Exercise details: Copy the listing exactly, please, and keep every picture out of it.

══ Information provided

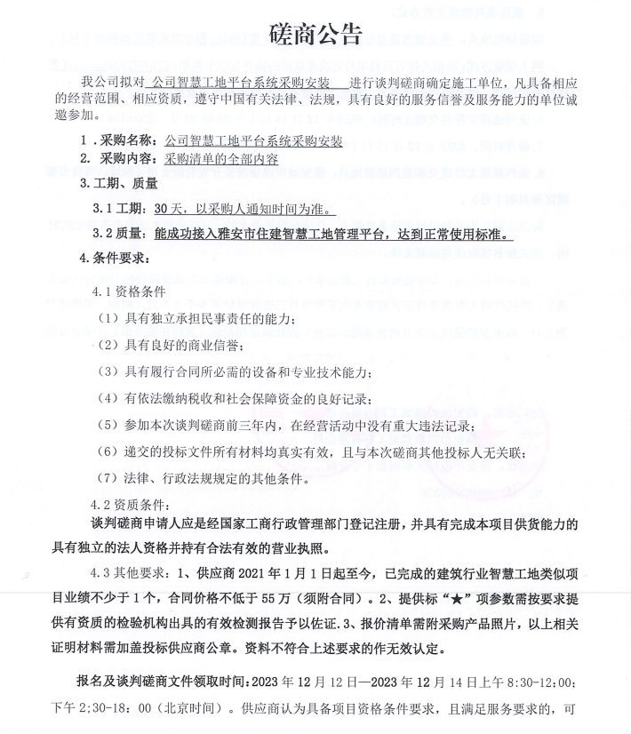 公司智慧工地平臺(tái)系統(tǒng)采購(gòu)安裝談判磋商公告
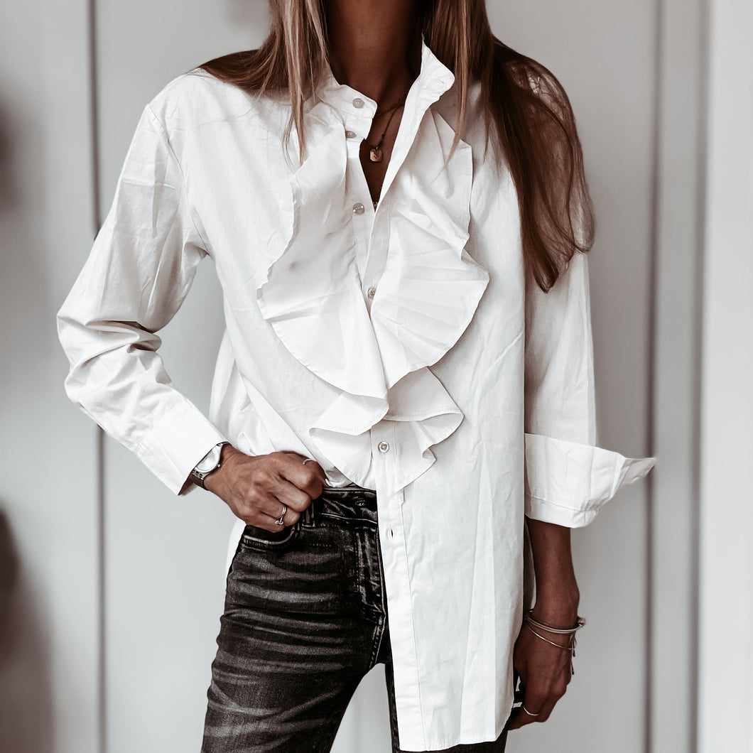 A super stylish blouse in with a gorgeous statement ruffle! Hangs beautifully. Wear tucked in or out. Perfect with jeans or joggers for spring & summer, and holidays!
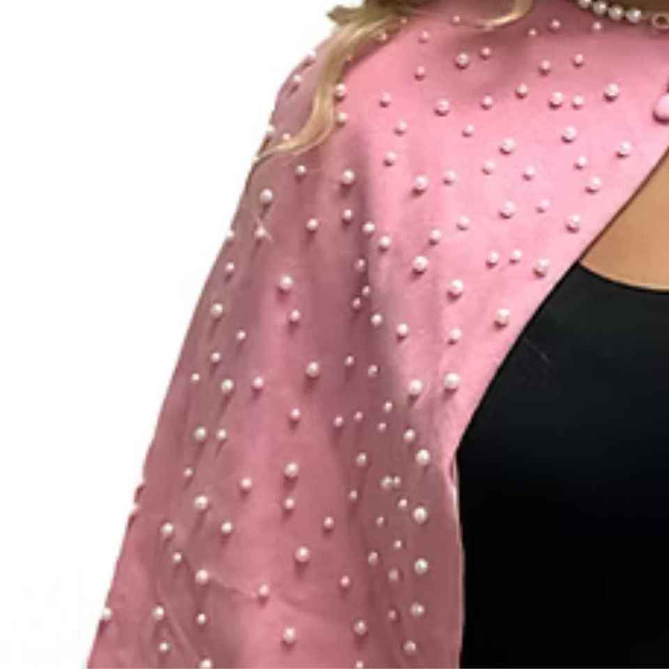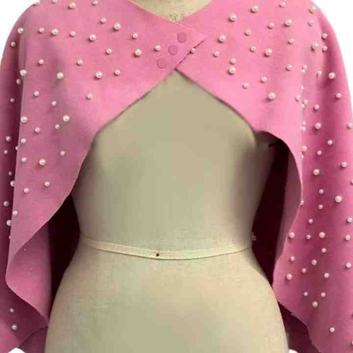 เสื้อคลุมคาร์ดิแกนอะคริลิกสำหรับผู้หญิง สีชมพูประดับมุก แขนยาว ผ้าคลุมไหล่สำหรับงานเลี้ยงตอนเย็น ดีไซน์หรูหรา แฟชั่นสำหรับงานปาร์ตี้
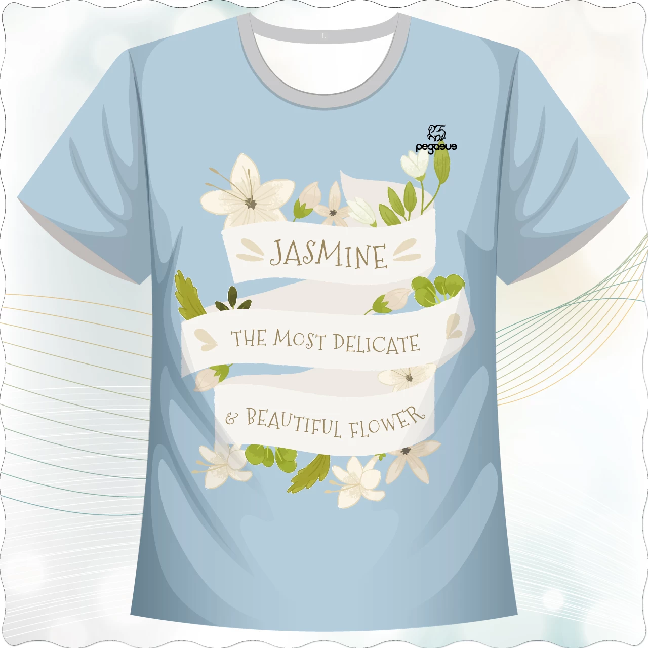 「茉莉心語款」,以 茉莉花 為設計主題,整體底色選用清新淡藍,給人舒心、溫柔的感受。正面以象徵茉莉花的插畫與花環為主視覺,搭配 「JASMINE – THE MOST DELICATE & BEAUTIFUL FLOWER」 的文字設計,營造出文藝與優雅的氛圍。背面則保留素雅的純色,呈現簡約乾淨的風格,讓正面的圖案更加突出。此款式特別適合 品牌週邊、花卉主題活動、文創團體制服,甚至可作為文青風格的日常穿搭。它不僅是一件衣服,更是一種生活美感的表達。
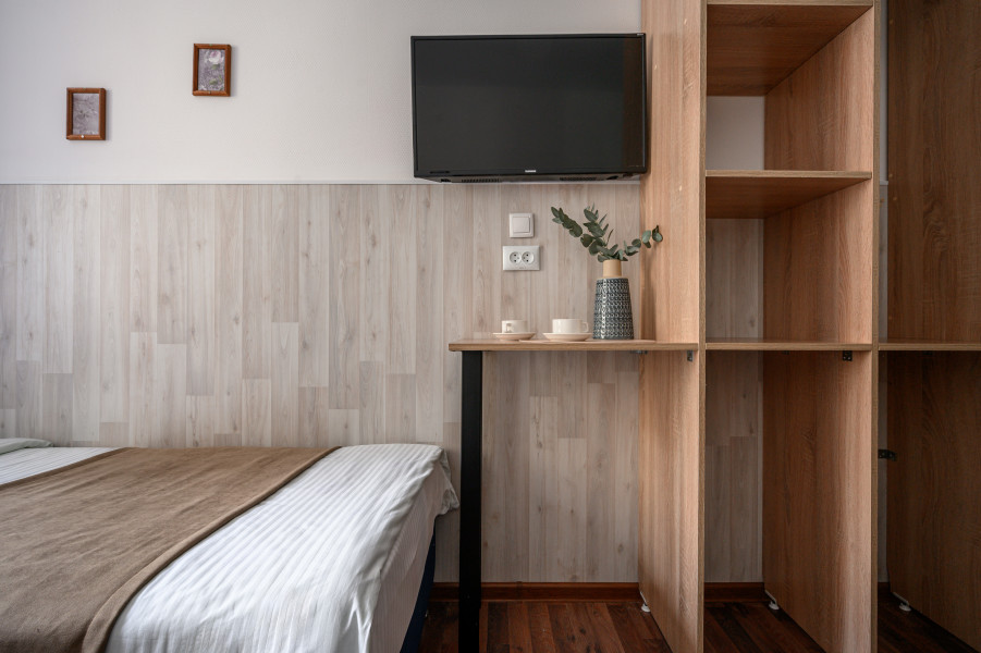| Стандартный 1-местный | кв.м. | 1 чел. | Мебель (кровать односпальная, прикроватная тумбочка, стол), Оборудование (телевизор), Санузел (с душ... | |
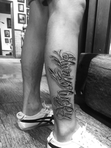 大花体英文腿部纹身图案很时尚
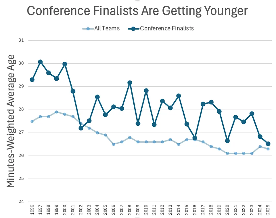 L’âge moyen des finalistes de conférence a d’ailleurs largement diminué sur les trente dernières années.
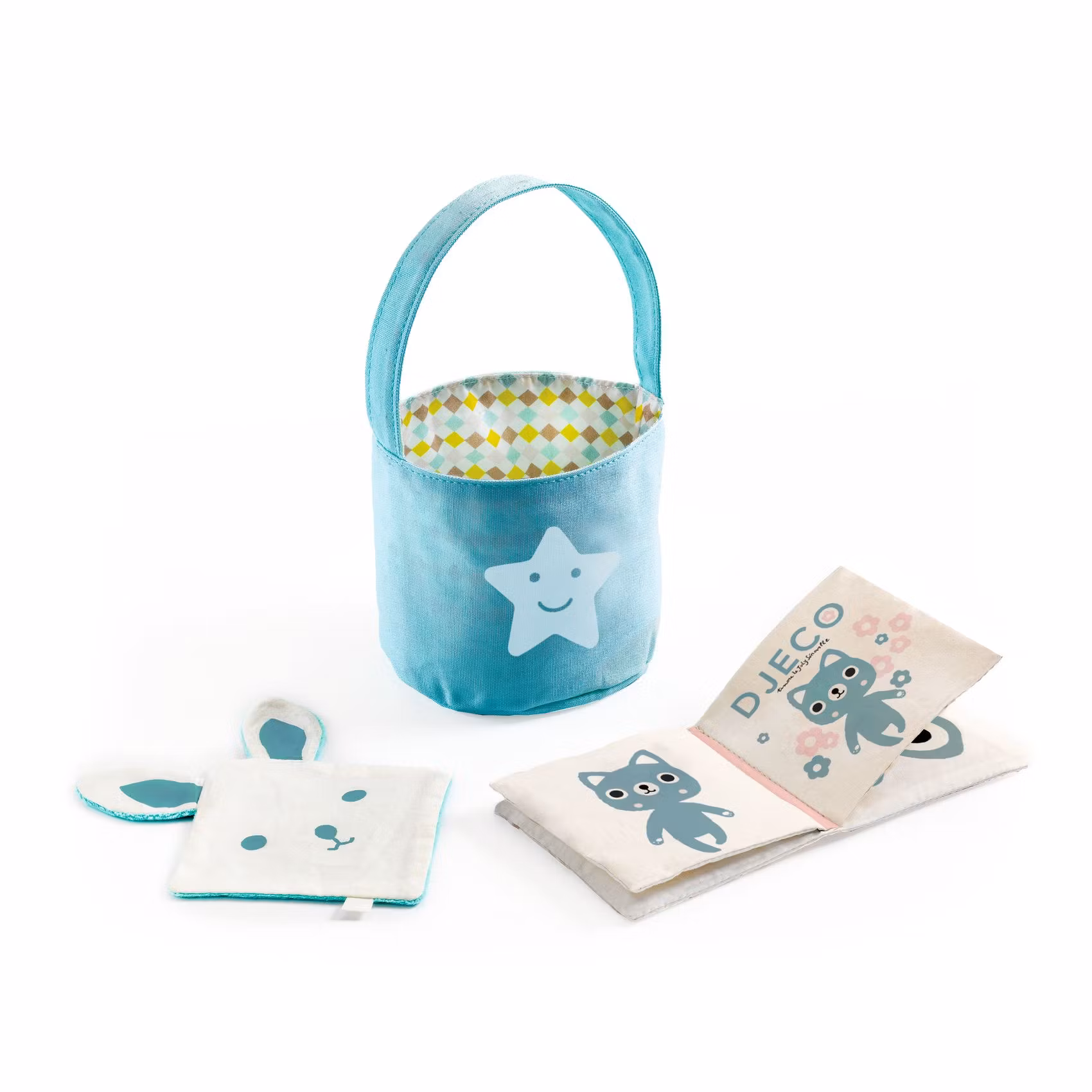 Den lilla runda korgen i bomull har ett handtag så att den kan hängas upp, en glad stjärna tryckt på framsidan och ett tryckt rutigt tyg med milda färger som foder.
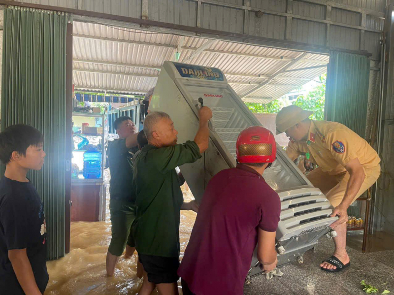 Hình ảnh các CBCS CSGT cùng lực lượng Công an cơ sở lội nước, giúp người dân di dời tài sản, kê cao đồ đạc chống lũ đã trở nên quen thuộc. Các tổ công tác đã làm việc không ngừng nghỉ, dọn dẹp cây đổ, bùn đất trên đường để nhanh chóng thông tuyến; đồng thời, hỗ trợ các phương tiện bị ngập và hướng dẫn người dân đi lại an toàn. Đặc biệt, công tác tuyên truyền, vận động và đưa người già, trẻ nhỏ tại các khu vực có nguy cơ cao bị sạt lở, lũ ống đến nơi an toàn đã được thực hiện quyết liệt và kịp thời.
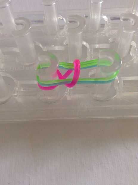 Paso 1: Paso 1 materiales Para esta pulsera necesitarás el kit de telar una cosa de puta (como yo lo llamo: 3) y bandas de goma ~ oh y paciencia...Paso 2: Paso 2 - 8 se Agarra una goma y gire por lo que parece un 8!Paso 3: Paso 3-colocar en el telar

════

Solved exercise:
 公司智慧工地平臺(tái)系統(tǒng)采購(gòu)安裝談判磋商公告
 A super stylish blouse in with a gorgeous statement ruffle! Hangs beautifully. Wear tucked in or out. Perfect with jeans or joggers for spring & summer, and holidays!
 เสื้อคลุมคาร์ดิแกนอะคริลิกสำหรับผู้หญิง สีชมพูประดับมุก แขนยาว ผ้าคลุมไหล่สำหรับงานเลี้ยงตอนเย็น ดีไซน์หรูหรา แฟชั่นสำหรับงานปาร์ตี้
 「茉莉心語款」,以 茉莉花 為設計主題,整體底色選用清新淡藍,給人舒心、溫柔的感受。正面以象徵茉莉花的插畫與花環為主視覺,搭配 「JASMINE – THE MOST DELICATE & BEAUTIFUL FLOWER」 的文字設計,營造出文藝與優雅的氛圍。背面則保留素雅的純色,呈現簡約乾淨的風格,讓正面的圖案更加突出。此款式特別適合 品牌週邊、花卉主題活動、文創團體制服,甚至可作為文青風格的日常穿搭。它不僅是一件衣服,更是一種生活美感的表達。
| Стандартный 1-местный | кв.м. | 1 чел. | Мебель (кровать односпальная, прикроватная тумбочка, стол), Оборудование (телевизор), Санузел (с душ... | |
 大花体英文腿部纹身图案很时尚
 L’âge moyen des finalistes de conférence a d’ailleurs largement diminué sur les trente dernières années.
 Den lilla runda korgen i bomull har ett handtag så att den kan hängas upp, en glad stjärna tryckt på framsidan och ett tryckt rutigt tyg med milda färger som foder.
 Hình ảnh các CBCS CSGT cùng lực lượng Công an cơ sở lội nước, giúp người dân di dời tài sản, kê cao đồ đạc chống lũ đã trở nên quen thuộc. Các tổ công tác đã làm việc không ngừng nghỉ, dọn dẹp cây đổ, bùn đất trên đường để nhanh chóng thông tuyến; đồng thời, hỗ trợ các phương tiện bị ngập và hướng dẫn người dân đi lại an toàn. Đặc biệt, công tác tuyên truyền, vận động và đưa người già, trẻ nhỏ tại các khu vực có nguy cơ cao bị sạt lở, lũ ống đến nơi an toàn đã được thực hiện quyết liệt và kịp thời.
 Paso 1: Paso 1 materiales Para esta pulsera necesitarás el kit de telar una cosa de puta (como yo lo llamo: 3) y bandas de goma ~ oh y paciencia...Paso 2: Paso 2 - 8 se Agarra una goma y gire por lo que parece un 8!Paso 3: Paso 3-colocar en el telar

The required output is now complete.